It’s safe to say any FBS athletic department cutting sports these days would face a legal challenge. Part of that $20.5 million will be used to sustain minor sports. Most athletic departments are distributing that total this way: 75% to football, 15% to men’s basketball, 5% to women’s basketball and 5% to minor sports.
College athletics is watching. Stanford has one of the most broad-based athletic departments in the country. The athletic experience is genuinely considered part of the educational experience.
Stanford alone had 59 Olympians in last year’s Paris Summer Games.

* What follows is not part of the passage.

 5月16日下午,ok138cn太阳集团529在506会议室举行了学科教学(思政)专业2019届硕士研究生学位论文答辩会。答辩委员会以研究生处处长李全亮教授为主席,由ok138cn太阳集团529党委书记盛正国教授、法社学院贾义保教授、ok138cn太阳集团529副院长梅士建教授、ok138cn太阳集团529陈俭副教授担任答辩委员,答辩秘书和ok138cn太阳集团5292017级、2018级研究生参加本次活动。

One of Luck’s former teammates, Eric Shoji, won a bronze medal in men’s volleyball.
“I think alumni, fans, sort of the community writ large felt like we’d lost a little of that [momentum in football],” Luck said.

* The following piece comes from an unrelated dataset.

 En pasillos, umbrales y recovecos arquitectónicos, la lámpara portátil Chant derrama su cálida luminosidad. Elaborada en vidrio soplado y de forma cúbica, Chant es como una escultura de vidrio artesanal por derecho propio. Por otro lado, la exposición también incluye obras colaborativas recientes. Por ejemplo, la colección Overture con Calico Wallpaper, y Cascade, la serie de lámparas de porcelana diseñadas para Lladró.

“Part of what makes me optimistic is that I know that this place’s ethos — not just Stanford but Silicon Valley, the West Coast — [is] let’s make the problem bigger and let’s go attack it,” he added. “I really, deep in my bones, know that we can carve out relevant space.”
The portal has opened up [from Stanford’s standpoint] to welcome 12 new players. That’s the most at the school since before NIL debuted in 2021. Shaw had pointed out that, in the portal era, he had difficulty bringing transfers in because of Stanford’s high academic standards.

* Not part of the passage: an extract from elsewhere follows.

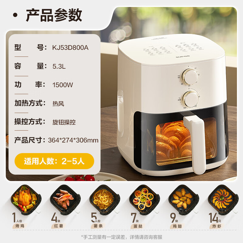 苏泊尔(SUPOR)可视空气炸锅蒸汽嫩炸5L大容量免抽拉免翻面新款不粘电炸锅

Here is a look at some of those admission requirements.
“We have an incredibly rigorous admissions process,” Luck said. “We expect our guys to apply to school. That will never change. I’m not sure anybody else is doing that. Not only that they have to have the chops to get in and succeed and add value to this intellectual community … I wouldn’t take this job if I thought we were handing free spots out.”
Stanford is increasingly an outlier in trying to find that meaningful mix of athletics and academics. The NCAA has all but abdicated oversight of the academic side.
It’s not the first time Luck has had to explain himself after a career move. When he retired in 2019 after seven NFL seasons, Luck cited the physical wear and tear. That decision is to be admired. He is only 35 now, still able to volunteer coach high school football, be a family man and attempt to save a football program.
“I did have an epiphany … there was a point after retirement,” Luck said. “I thought, ‘My God, I have two-thirds of my life left hopefully. Maybe three-quarters. I’m not going to let myself get stuck in the past.”